Let's examine both approaches:

Method 1: Extending the Thread Class

This approach involves creating a subclass of Thread and overriding its run() method with your code:

java

public class MyThread extends Thread {
    @Override
    public void run() {
        System.out.println("Thread is running: " + Thread.currentThread().getName());
        // Your thread code goes here
        for (int i = 0; i < 5; i++) {
            System.out.println(Thread.currentThread().getName() + ": " + i);
            try {
                Thread.sleep(500); // Pausing execution for 500 milliseconds
            } catch (InterruptedException e) {
                System.out.println("Thread interrupted");
            }
        }
    }
}

To use this thread:

java

public class ThreadExample {
    public static void main(String[] args) {
        System.out.println("Main thread starting...");
        
        // Creating thread objects
        MyThread thread1 = new MyThread();
        MyThread thread2 = new MyThread();
        
        // Setting names for easier identification
        thread1.setName("Thread-1");
        thread2.setName("Thread-2");
        
        // Starting the threads
        thread1.start();
        thread2.start();
        
        System.out.println("Main thread continues executing...");
    }
}

Output:

Main thread starting...
Main thread continues executing...
Thread is running: Thread-1
Thread is running: Thread-2
Thread-1: 0
Thread-2: 0
Thread-1: 1
Thread-2: 1
Thread-1: 2
Thread-2: 2
Thread-1: 3
Thread-2: 3
Thread-1: 4
Thread-2: 4

Note: The exact order of thread execution may vary between runs, which is an important characteristic of multithreaded programs.

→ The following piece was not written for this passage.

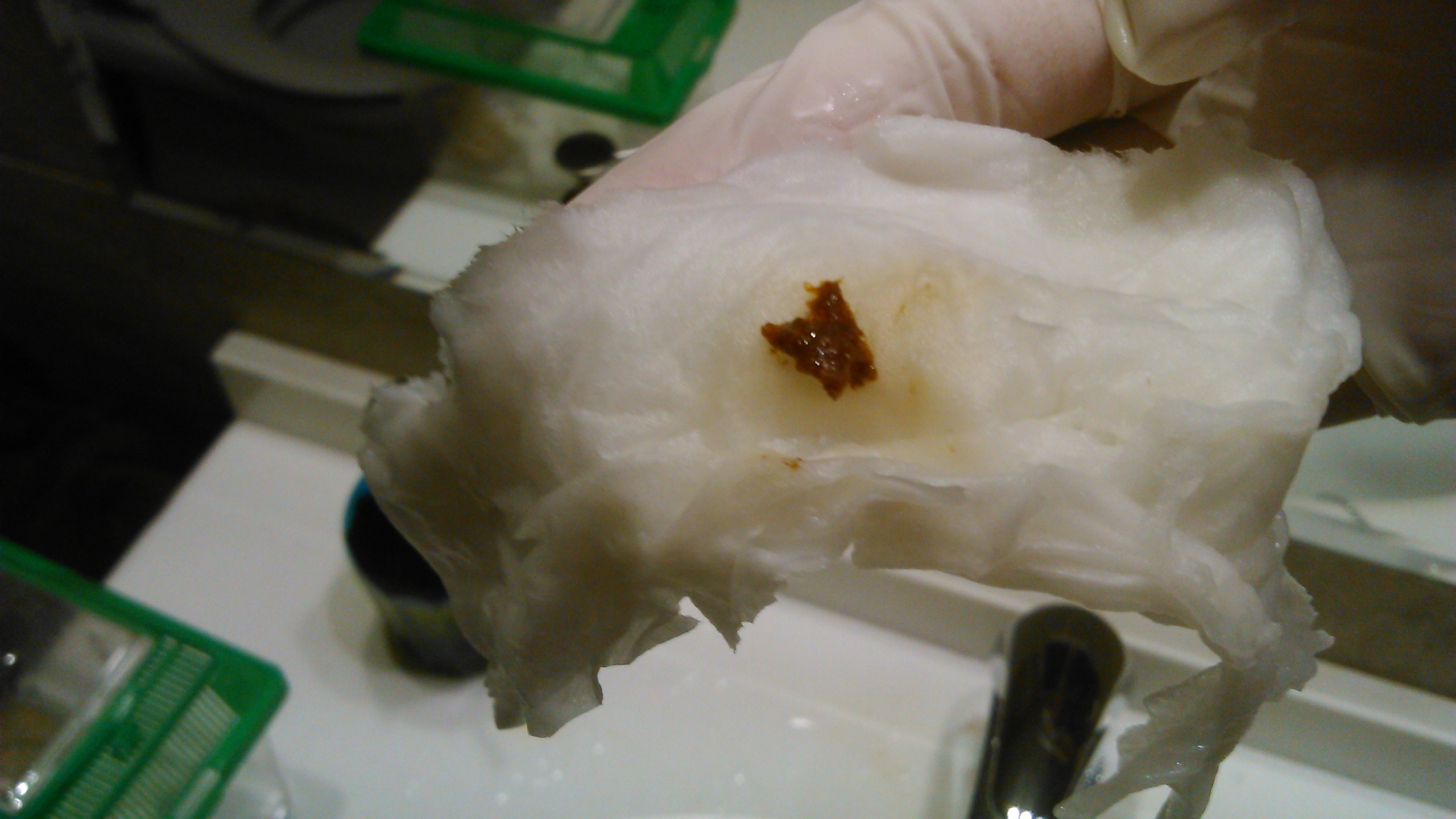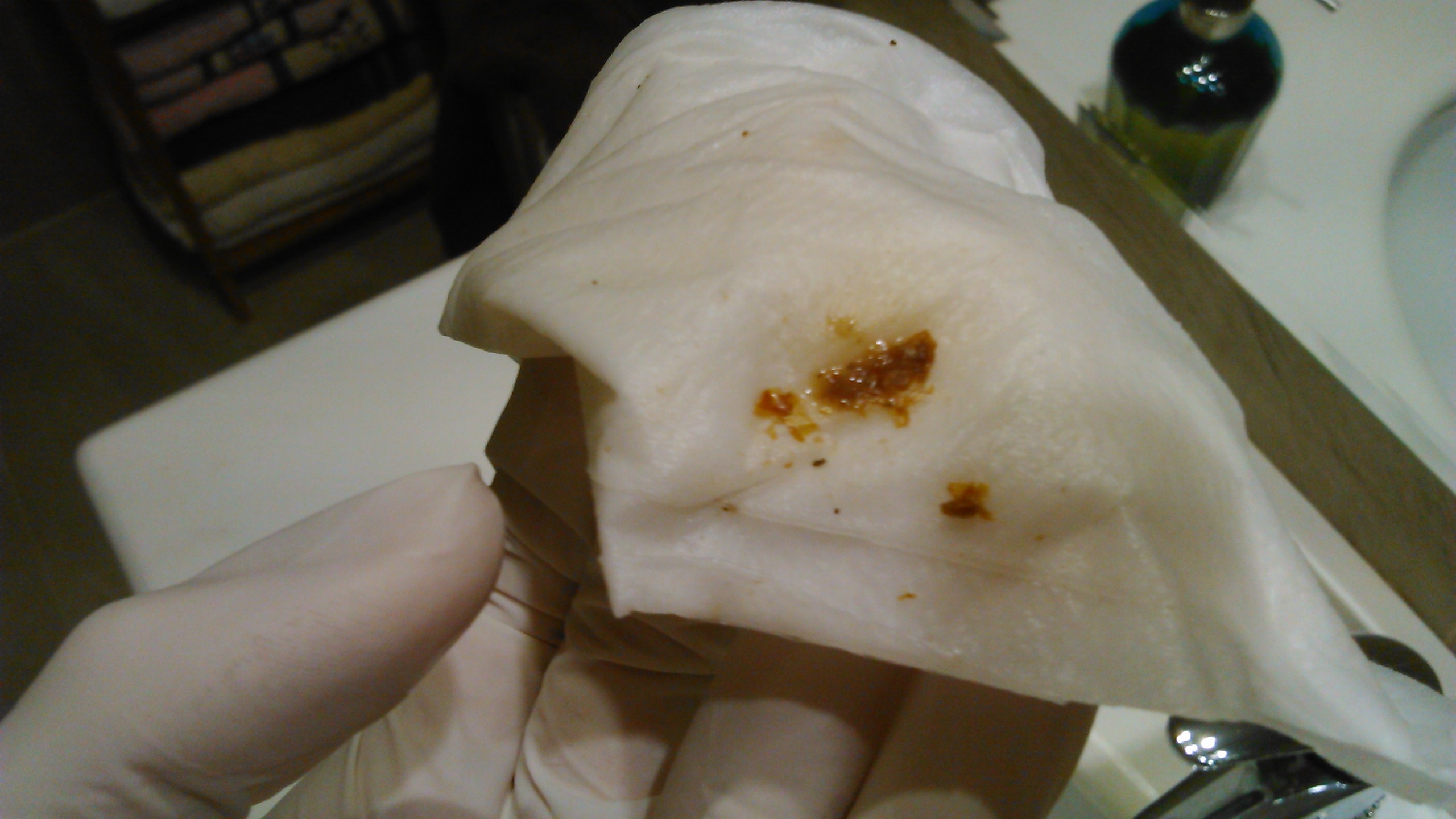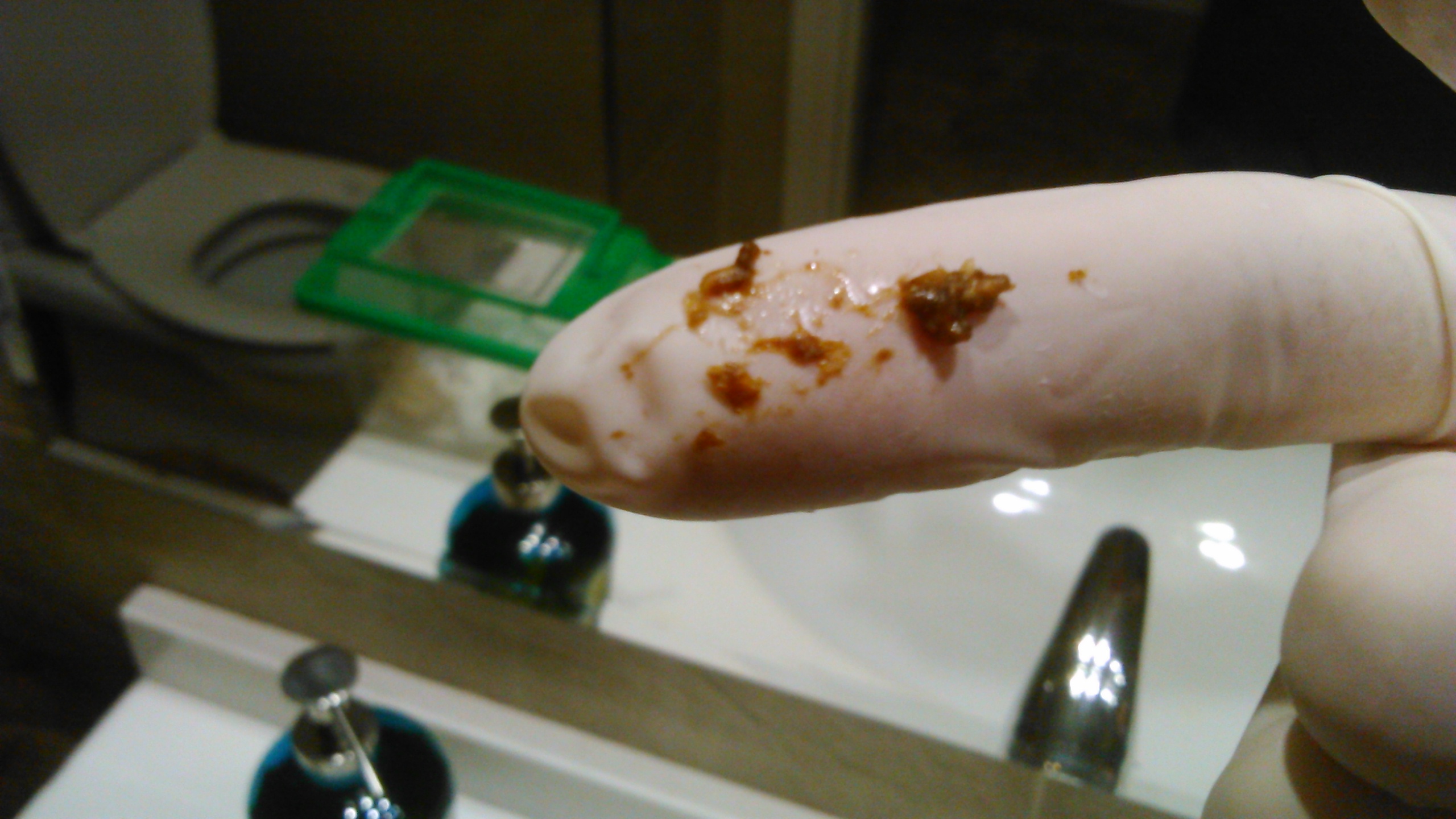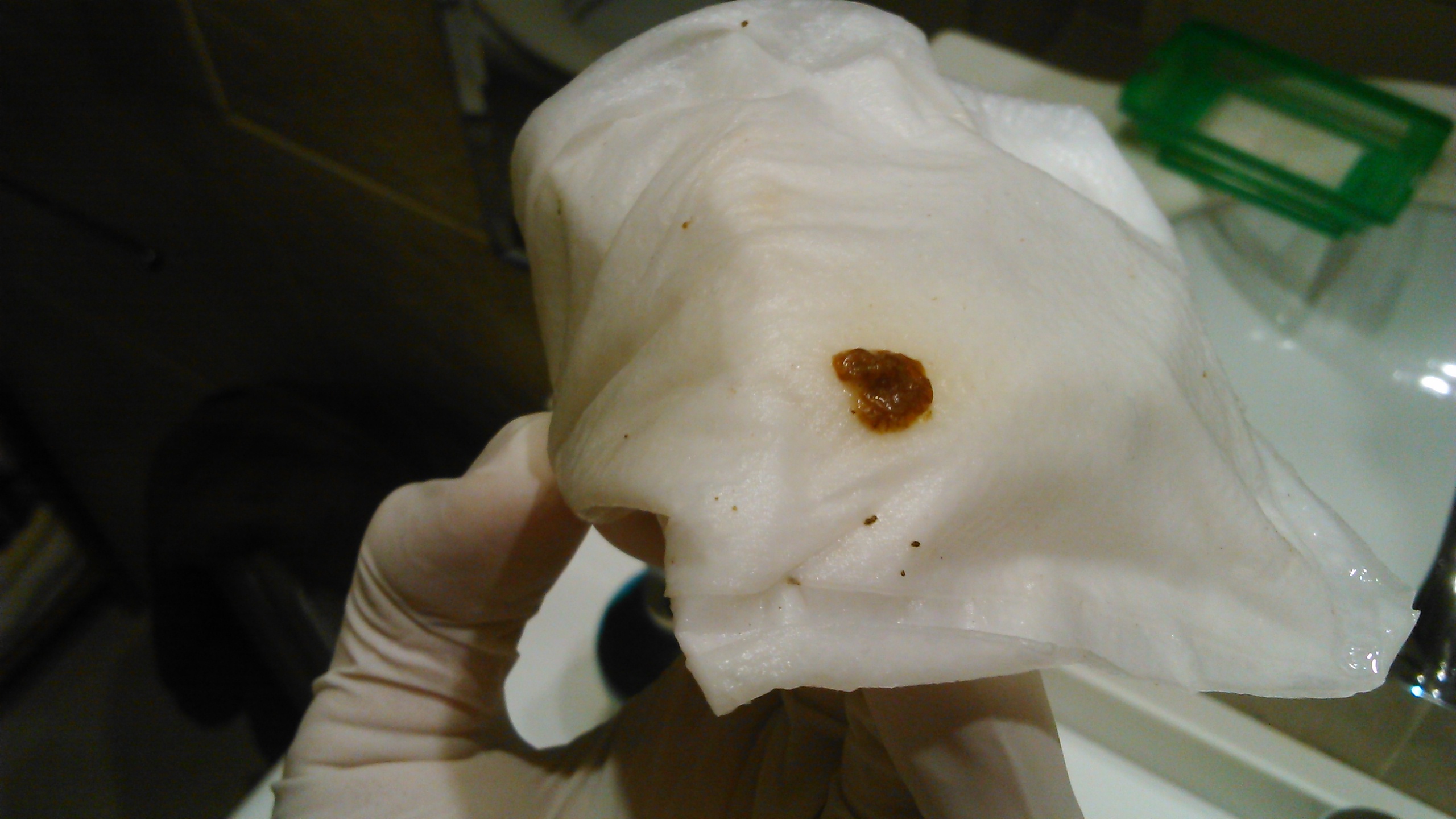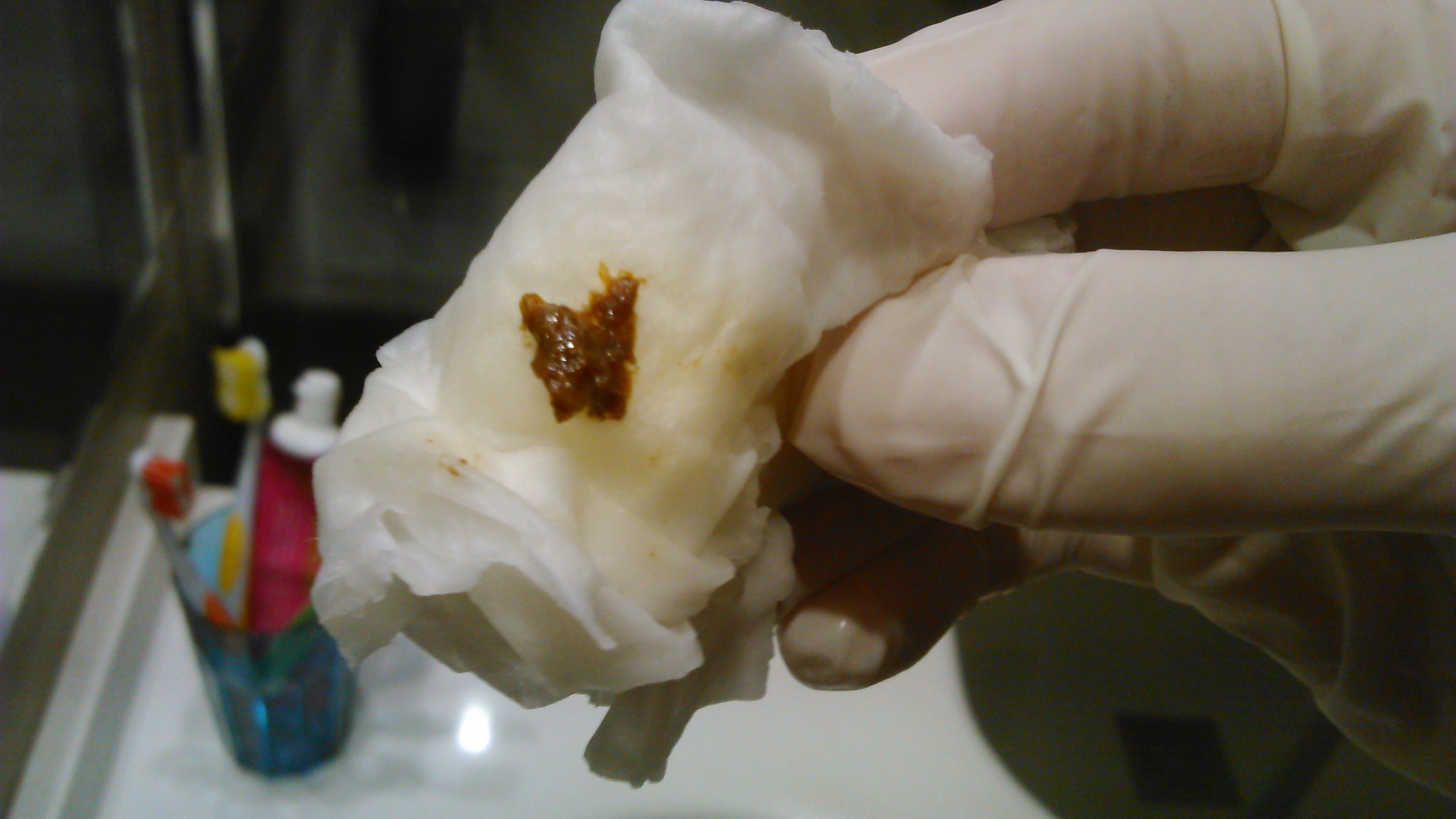 Subo las fotos de los excrementos. Los que salen "descompuestos" ha sido obra mía para que se vea mejor el contenido. Su estado original era el de las fotos en las que salen de una pieza. Siento que la calidad sea terrible pero no tengo otra cámara y la luz no daba más de sí o_O ¿Seguro que son parásitos? La rana no tiene ningún síntoma de debilidad, tiene la piel limpia, está bien de peso, no toma colores raros...

Method 2: Implementing the Runnable Interface

This is the preferred approach as it separates the thread's tasks from its mechanics and doesn't consume your single inheritance opportunity:

java

public class MyRunnable implements Runnable {
    @Override
    public void run() {
        System.out.println("Thread is running: " + Thread.currentThread().getName());
        // Your thread code goes here
        for (int i = 0; i < 5; i++) {
            System.out.println(Thread.currentThread().getName() + ": " + i);
            try {
                Thread.sleep(500);
            } catch (InterruptedException e) {
                System.out.println("Thread interrupted");
            }
        }
    }
}

To use this runnable:

java

public class RunnableExample {
    public static void main(String[] args) {
        System.out.println("Main thread starting...");
        
        // Creating Runnable instance
        MyRunnable runnable = new MyRunnable();
        
        // Creating Thread objects with the Runnable
        Thread thread1 = new Thread(runnable, "Thread-1");
        Thread thread2 = new Thread(runnable, "Thread-2");
        
        // Starting the threads
        thread1.start();
        thread2.start();
        
        System.out.println("Main thread continues executing...");
    }
}

Output:

Main thread starting...
Main thread continues executing...
Thread is running: Thread-1
Thread is running: Thread-2
Thread-1: 0
Thread-2: 0
Thread-2: 1
Thread-1: 1
Thread-1: 2
Thread-2: 2
Thread-2: 3
Thread-1: 3
Thread-1: 4
Thread-2: 4

Method 3: Using Lambda Expressions (Java 8+)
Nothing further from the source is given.